Hawai’i’s waiver is the first of its kind.

Section 1332 State Innovation Waivers offer states flexibility to waive key insurance coverage provisions of the ACA, including the requirement for individuals and employers to maintain insurance coverage for themselves or their employees (the individual and employer mandates), requirements related to the scope of available benefits provided through insurance (essential health benefits), requirements for creation of a marketplace for purchasing health insurance coverage (exchanges), requirements for the credentialing of health plans offered through the exchanges (QHPs), and limits on deductibles and cost sharing for QHPs. State Innovation Waivers also allow states to request waivers of cost sharing reductions and tax credits available for individuals and businesses pursuant to the ACA; the amount of these reductions and tax credits are available to the state for the operation of a replacement program.

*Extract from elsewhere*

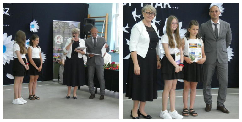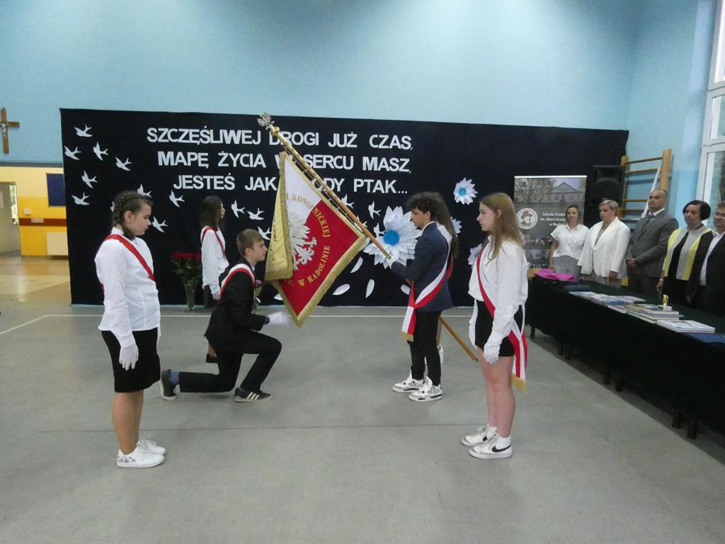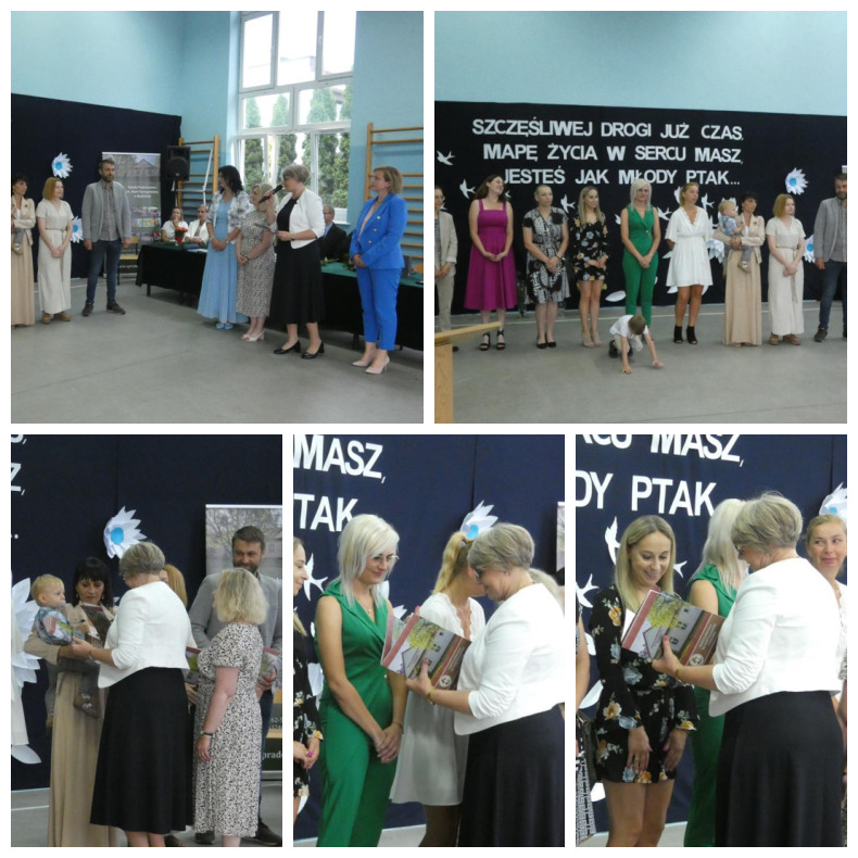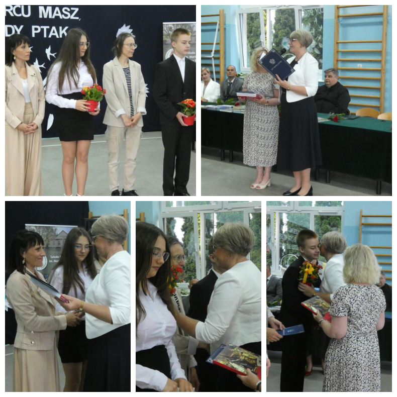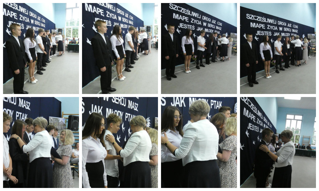 Podczas uroczystości odbyło się przekazanie sztandaru przedstawicielom klas młodszych. Pani Dyrektor wręczyła uczniom świadectwa z wyróżnieniem, a ich rodzicom okolicznościowe listy gratulacyjne. Nie zabrakło też nagród dla uczniów, którzy zostali „Supersportowcami Roku”. Rodzicom absolwentów podziękowano za ich pracę i zaangażowanie na rzecz szkoły. Następnie ósmoklasiści podziękowali pani Dyrektor, wychowawczyni, nauczycielom, pracownikom administracji i obsługi, a także swoim rodzicom za trud, życzliwość, wyrozumiałość, a przede wszystkim przekazaną wiedzę.

Under its approved application, Hawai’i will cease operation of the Small Business Health Options Program (SHOP) required by the ACA effective January 1, 2017, for a 5 year period which may be extended. Instead, Hawai’i will operate the business insurance program, known as “Prepaid,” that has been in place since 1974. Under Hawai’s Prepaid Health Care Act, employers are required to provide insurance to employees that meet requirements established by state law. To receive approval from the Departments for the waiver, and as a condition of receiving federal funds, Hawai’i demonstrated that its program met or exceeded the scope of coverage that would have been available under the ACA, provided coverage and cost sharing protection that are at least as affordable as available under the ACA, and provided coverage to at least as many residents as under the ACA. Hawai’i will receive quarterly payments from the federal government for the operation of this program, equal to the estimated amount of tax credits that would have been provided to small employers in Hawai’i pursuant to the SHOP program.

The awarding of the section 1332 waiver to Hawai’i represents the first State Innovation Waiver to modify requirements of the ACA. Section 1332 was developed as part of the ACA to allow states, such as Hawai’i, to maintain coverage programs that predated the ACA or to allow states to experiment with coverage programs that are more robust or that differ from the form required by the ACA. Currently, at least 9 states have enacted laws authorizing state officials to analyze or submit an application for a section 1332 waiver. As discussions about the ACA are taken up by the new Congress and new administration, section 1332 waivers will continue to influence how states and stakeholders evaluate their options.